オトナ気ない

 朝外に出てみれば、駐車場の車の窓は氷がびっしり。2時間目から外で体育なんてどうなるかと思っていたけど、気温が上がって日差しも暖かいし、ソフトボール日和だった。今日はソフトボール最後。試合をしてみようということになった。ま、経験者もいるし普段から野球で遊んでいる子もいるし、大体が男の子が多いので何とか形にはなる。27人を4チームに分けるので、1チームだけ6人になってしまった。さすがに守備が苦しかろうというので私がそこに入る。げー!とお子ちゃまたちの悲鳴が上がる中、
 「大丈夫。私ソフトやったことないから。戦力にならんよ」
 と言っておく。いや、ホントにないんだってば。プラスチックバットとテニスボールで野球in家の前の駐車場はしてたけど。7人が守備につく。キャッチャーは攻めてる方のチームのできる子にさせる。この場合もちろんホームスチールとか禁止。

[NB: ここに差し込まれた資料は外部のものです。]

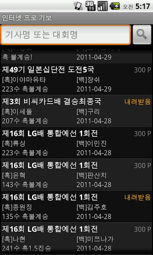 ※ 바둑기보는 한국기원과의 계약을 통하여 지속적으로 제공됩니다.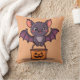 Le collectionneur de bonbons le plus mignon. Ce coussin est parfait pour les petits monstres et les adultes, avec une chauve-souris amicale et un seau citrouille souriant. Un accessoire charmant et amusant pour la saison éffrayante !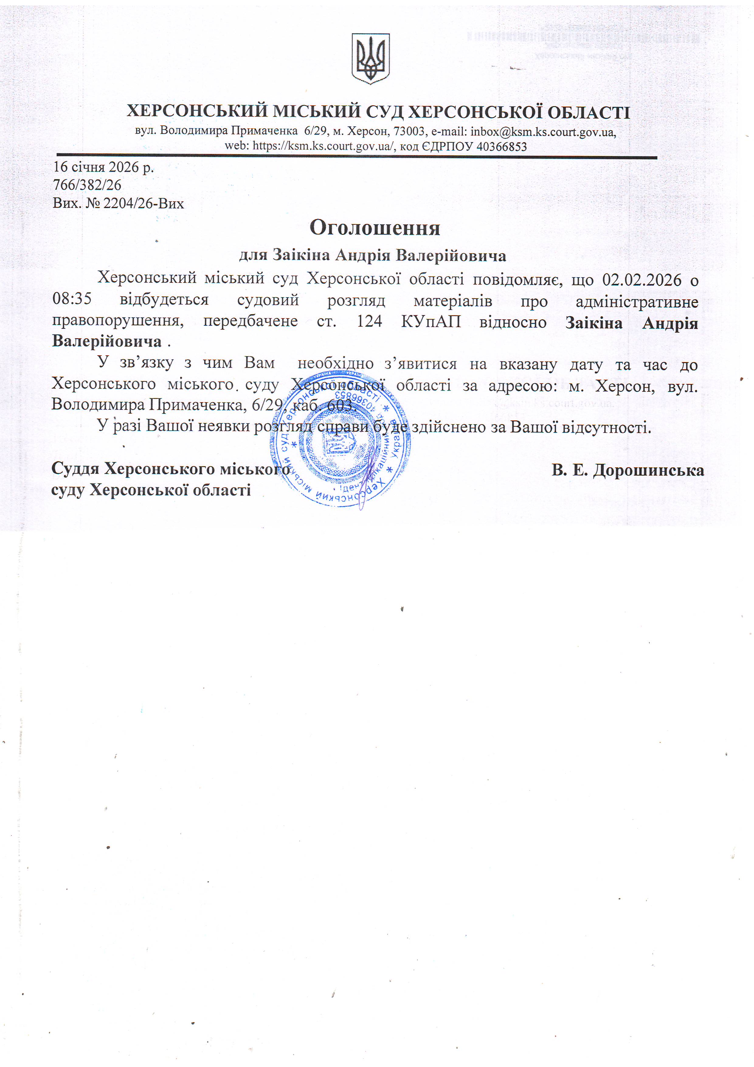 ОГОЛОШЕННЯ ПРО ВИКЛИК ДО СУДУ
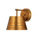 This one-light wall sconce from the Maddox collection creates a seamless, easy-living look for casual spaces in need of extra lighting. Rubbed brass finish iron adds a decadent look to a sconce featuring a conical shade with a texturized hammered belt detail and matching wall mount. Dress up a bathroom or hallway space with this elegant light that incorporates farmhouse and industrial motifs.
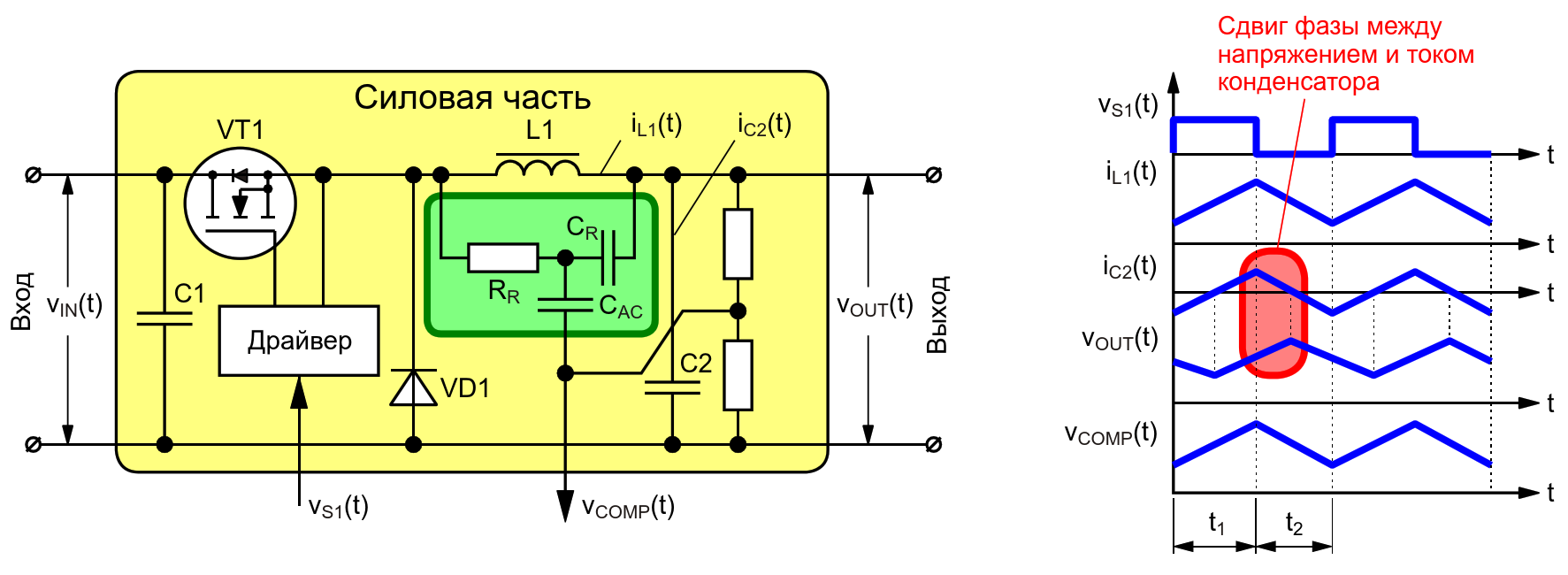 Рисунок 5. Понижающий преобразователь с гистерезисным методом управления с постоянным временем включения транзистора t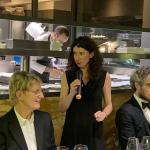 La Delegazione di Milano Navigli si è ritrovata al ristorante 142 nell’area Navigli, all’inglese one-fo(u)r-two: 1 spazio unico dove poter vivere i 4 momenti, dalla prima colazione, al pranzo, all’aperitivo fino alla cena con l’accoglienza di 2 anime, la sala e la cucina in un’idea aperta di condivisione. Sotto la guida di Sandra Ciciriello una brigata di tre trentenni, nonché partner del progetto, animano la cucina e il laboratorio di pasticceria; in sala giovani allievi dai 18 ai 24 anni. Un luogo dove ogni angolo dà traccia di una passione personale che convive con la tavola. Un contesto coerente per condurre gli Accademici, con le parole di Silvana Chiesa, storica e ricercatrice, alla nobile funzione del Centro Studi Territoriale all’interno dell’Accademia, il perché fu istituito nel 2009 e oggi cosa rappresenta nello scenario della cultura italiana della cucina; nonché i dietro le quinte, le curiosità dei progetti editoriali e gli Accademici che ne fanno parte. Il ruolo fondamentale e puntuale della ricerca. Suggestioni e rivelazioni nell’esperienza culinaria da cos’è un menu, quali i denotati che definiscono i tempi e le modalità della tavola. Milano accoglie la cucina di tutto il mondo, per questo troviamo menu locali e non i quali raccontano la storia del ristorante: dietro un piatto ci sono persone, economia, commercio, cioè la storia profonda della gastronomia italiana. Niente è affidato al caso, se non l’estro del cuoco che fa parlare la tradizione attraverso la sua scarola all’ischitana di memoria di casa. In foto 1. La Delegata Cristina Ciusa. Foto 2. Intervento di Silvana Chiesa, Direttore del Centro Studi Territoriale Lombardia. Foto 3. Ciusa e Chiesa. Foto 4. Baccalà con scarola e noccioli di olive.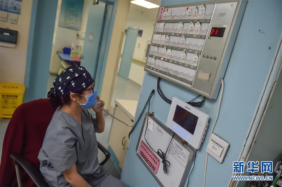 5月11日,在北京地壇醫(yī)院感染二科護士站,護士彭蒨接聽病房呼喚鈴電話。北京地壇醫(yī)院是北京市收治新冠肺炎患者的定點醫(yī)院之一,醫(yī)院的醫(yī)護人員一直奮戰(zhàn)在抗擊疫情的一線。在國際護士節(jié)前夕,記者前往北京地壇醫(yī)院,記錄下抗疫一線護士的日常工作狀態(tài)。新華社記者彭子洋攝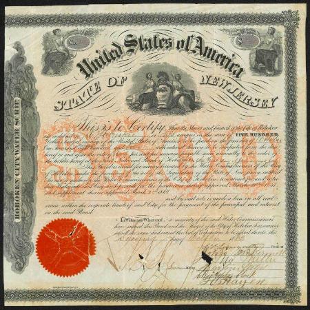 Hoboken City Water Board $500 bond. Hoboken, New Jersey. 1822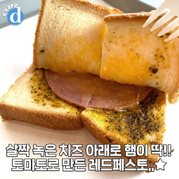 살짝 녹은 치즈 아래로 햄이 끼워져 있습니다.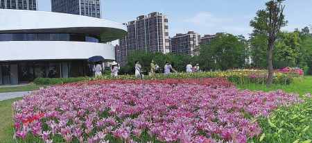 百合花種類(lèi)繁多,形態(tài)各異。純凈高雅的白色、熱情嫵媚的紅色、明麗澄澈的橙黃、浪漫俏皮的粉紅、雍容華貴的紫色,形似漏斗,又如喇叭,或向上開(kāi)花,張揚(yáng)外翻、極端華麗,或含露低垂,矜持含蓄、超凡脫俗。花間蜂蝶飛舞,暗香浮動(dòng),游人三五成群,在花叢合影拍照,游玩嬉戲,好不愜意。市民王女士對(duì)這里贊賞有加:“看到這五顏六色的百合花,我的心情像盛開(kāi)的花一樣,特別美!這里每季有每季的花開(kāi),每次來(lái)都有不一樣的驚喜和精彩。”

 私が入ったチームは男の子5人、女の子1人。この女の子はスポーツがよくできるので大丈夫として、男の子が1人完全に戦力外なので私がフォローに回る。守備範囲センターとライトとショートか…広いな…。体育の授業では投げた球を打つのが初めてとあって、なかなか外野までボールは飛んでこない。それは救い。しかし2点入れられ、ようやくチェンジ。 
 男の子たちが先に打つ。というより、打順はさっき偶然並んだ順番(苦笑) 1番セカンドライナー。もちろん落として1塁。2番上がっちゃったファーストフライ、取られて1アウト。3・4・5クリーンアップはきっちりシングルヒットで1点。6番空振り三振。で、満塁で私に回るか…。外野の子が後ろに下がった。あんまり期待しないでよ〜と思っていたら…第1球を振りぬいたら「ぱきーん!!」とものすごい金属バットの音がして、ピッチャーの顔の横を抜けるライナーがグランドの端まで飛んでった。…ごめん、大人げないヒット打ったかも…。てか、ピッチャーに当たらなくてよかった。というわけで満塁ランニングホームラン。ふと校舎を見上げると、2階の窓から隣のS先生の顔が…しまった。
 お子ちゃま達は「俺もあんな音で打ちたい!」と前向きに頑張っていた。いい子だ。で、授業時間を終えて職員室に戻ってきた私を見てS先生がにやり一言。「打ってたねぇ」 はい、もうちょっと手加減がいるようです…でもこれ以上手加減したら空振りしそうな気がする。